*GIVEN INFORMATION*.
★ ★ ★

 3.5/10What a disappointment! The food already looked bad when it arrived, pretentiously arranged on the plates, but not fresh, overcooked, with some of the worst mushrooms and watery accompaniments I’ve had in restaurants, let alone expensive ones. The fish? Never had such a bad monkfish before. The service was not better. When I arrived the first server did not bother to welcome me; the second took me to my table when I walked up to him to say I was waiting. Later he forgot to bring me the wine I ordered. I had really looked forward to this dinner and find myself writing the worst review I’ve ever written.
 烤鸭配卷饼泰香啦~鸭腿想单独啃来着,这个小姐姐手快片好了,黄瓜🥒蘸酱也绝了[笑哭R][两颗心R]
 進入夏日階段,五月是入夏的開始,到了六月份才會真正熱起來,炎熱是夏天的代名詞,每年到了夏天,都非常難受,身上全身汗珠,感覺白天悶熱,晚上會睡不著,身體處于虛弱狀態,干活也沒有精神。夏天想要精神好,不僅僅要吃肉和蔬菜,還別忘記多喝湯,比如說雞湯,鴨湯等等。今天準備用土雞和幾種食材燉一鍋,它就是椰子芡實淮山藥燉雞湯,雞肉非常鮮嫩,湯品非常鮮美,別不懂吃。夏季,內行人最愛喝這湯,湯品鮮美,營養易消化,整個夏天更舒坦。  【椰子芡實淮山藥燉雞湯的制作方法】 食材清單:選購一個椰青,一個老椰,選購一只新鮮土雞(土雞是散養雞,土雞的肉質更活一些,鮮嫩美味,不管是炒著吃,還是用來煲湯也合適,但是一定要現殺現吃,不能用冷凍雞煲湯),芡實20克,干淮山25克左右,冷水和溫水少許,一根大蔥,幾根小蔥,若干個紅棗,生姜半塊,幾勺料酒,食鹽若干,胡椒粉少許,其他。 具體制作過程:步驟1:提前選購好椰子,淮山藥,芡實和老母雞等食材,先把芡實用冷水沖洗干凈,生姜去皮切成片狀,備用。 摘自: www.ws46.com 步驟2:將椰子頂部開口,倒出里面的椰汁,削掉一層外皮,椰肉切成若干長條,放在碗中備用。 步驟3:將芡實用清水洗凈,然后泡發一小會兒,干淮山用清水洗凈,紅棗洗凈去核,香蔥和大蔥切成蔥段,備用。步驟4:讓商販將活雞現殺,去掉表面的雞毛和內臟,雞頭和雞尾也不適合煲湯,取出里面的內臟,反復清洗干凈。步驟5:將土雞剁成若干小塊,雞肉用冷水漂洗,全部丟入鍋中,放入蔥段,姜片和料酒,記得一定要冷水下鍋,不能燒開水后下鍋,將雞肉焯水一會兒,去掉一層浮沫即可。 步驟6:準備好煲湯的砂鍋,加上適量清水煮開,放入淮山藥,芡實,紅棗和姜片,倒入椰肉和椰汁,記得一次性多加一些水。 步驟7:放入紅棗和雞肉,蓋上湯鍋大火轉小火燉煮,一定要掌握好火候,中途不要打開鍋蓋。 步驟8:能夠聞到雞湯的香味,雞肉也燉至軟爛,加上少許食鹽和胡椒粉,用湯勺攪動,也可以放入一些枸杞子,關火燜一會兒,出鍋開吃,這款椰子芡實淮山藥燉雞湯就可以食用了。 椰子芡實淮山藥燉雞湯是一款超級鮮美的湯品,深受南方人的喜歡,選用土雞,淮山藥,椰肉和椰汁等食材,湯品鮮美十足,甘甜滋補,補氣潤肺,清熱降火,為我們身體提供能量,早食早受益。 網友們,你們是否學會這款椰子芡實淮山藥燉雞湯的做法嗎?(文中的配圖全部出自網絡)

★ ★ ★

*WORK TO BE COMPLETED*. Print only the lines that run from the start of the listing to the line bearing "烤鸭配卷饼泰香啦~鸭腿想单独"; please keep the first line and that last one, exactly as they appear.

*PROBLEM SOLUTION*.
 3.5/10What a disappointment! The food already looked bad when it arrived, pretentiously arranged on the plates, but not fresh, overcooked, with some of the worst mushrooms and watery accompaniments I’ve had in restaurants, let alone expensive ones. The fish? Never had such a bad monkfish before. The service was not better. When I arrived the first server did not bother to welcome me; the second took me to my table when I walked up to him to say I was waiting. Later he forgot to bring me the wine I ordered. I had really looked forward to this dinner and find myself writing the worst review I’ve ever written.
 烤鸭配卷饼泰香啦~鸭腿想单独啃来着,这个小姐姐手快片好了,黄瓜🥒蘸酱也绝了[笑哭R][两颗心R]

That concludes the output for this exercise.